Stores all around the UK will participate in “Autism Hour” in an effort to raise awareness of autism. This event was organized by the National Autistic Society to help draw attention to the difficulties that people with autism can face in noisy environments.

This first started when an Asda superstore staged a quiet hour to help individuals with autism and individuals with disabilities shopping in May 2016. All music and display TVs were turned off and customers were given a map of the store, featuring pictures instead of words. Simon Lea, manager of the Asda Living store at the Cheetham Hill complex, came up with the idea to help people who were overwhelmed by noise and disturbance. Lea thought of the idea after seeing a boy with autism struggle to cope in the store in April 2016, and has since said that many other stores plan to follow his example.
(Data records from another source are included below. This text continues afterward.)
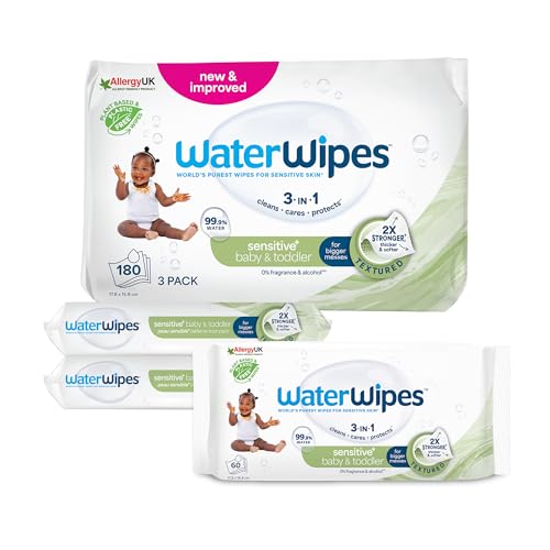 WaterWipes Sensitive+ Baby & Toddler Wipes, 180 Count (3 60 count (Pack of 3)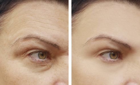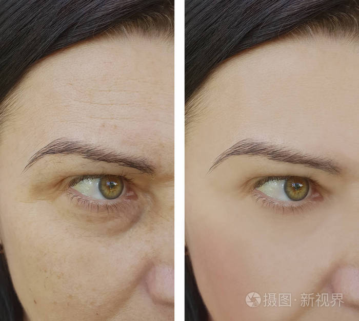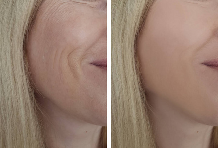 整容前后妇女脸上的皱纹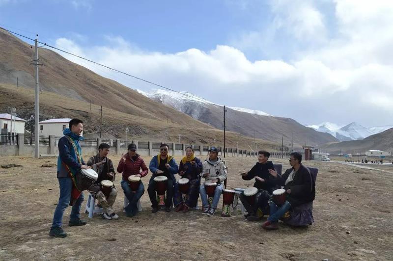 隔日,乐助欢乐鼓项目负责人司长城老师对两所的老师进行了“欢乐鼓”的集训,同样能歌善舞的藏族老师们学起非洲鼓的演奏可谓毫不费力。大家在雪山旁欢快的演奏声传遍蓝天、白云、雪山、高原……

Lea told the Manchester Evening News, “It went really well. The store was silent, and we had great feedback from the families who benefited. Now it will be a regular event for us – every Saturday.”

In addition he shared, “It’s all about helping people really. Six months ago I would have said ‘control your child’ even though I’ve got children. But speaking to people with autism and disabled people has helped me think about how I can make it a better place to shop.”

This event in 2016 has now inspired stores all over the UK to participate in “Autism Hour.” In the first week of October of 2017, businesses will turn down music, reduce announcements, and dim lights to help create a calming and less intimidating environment for families and individuals with autism. Store workers have also been educated about autism and how they can provide support.

Some major retailers that are planning on participating are Clarks and Toys R Us.

As reported by Independent, research by the National Autistic Society shows that 79% of autistic people feel socially isolated and 64% avoid going to stores. In response, there has been a growing trend towards autism-friendly events in public places. A recent example would be the store Tesco trial an autism-friendly hour in its Crawley store in February of this year.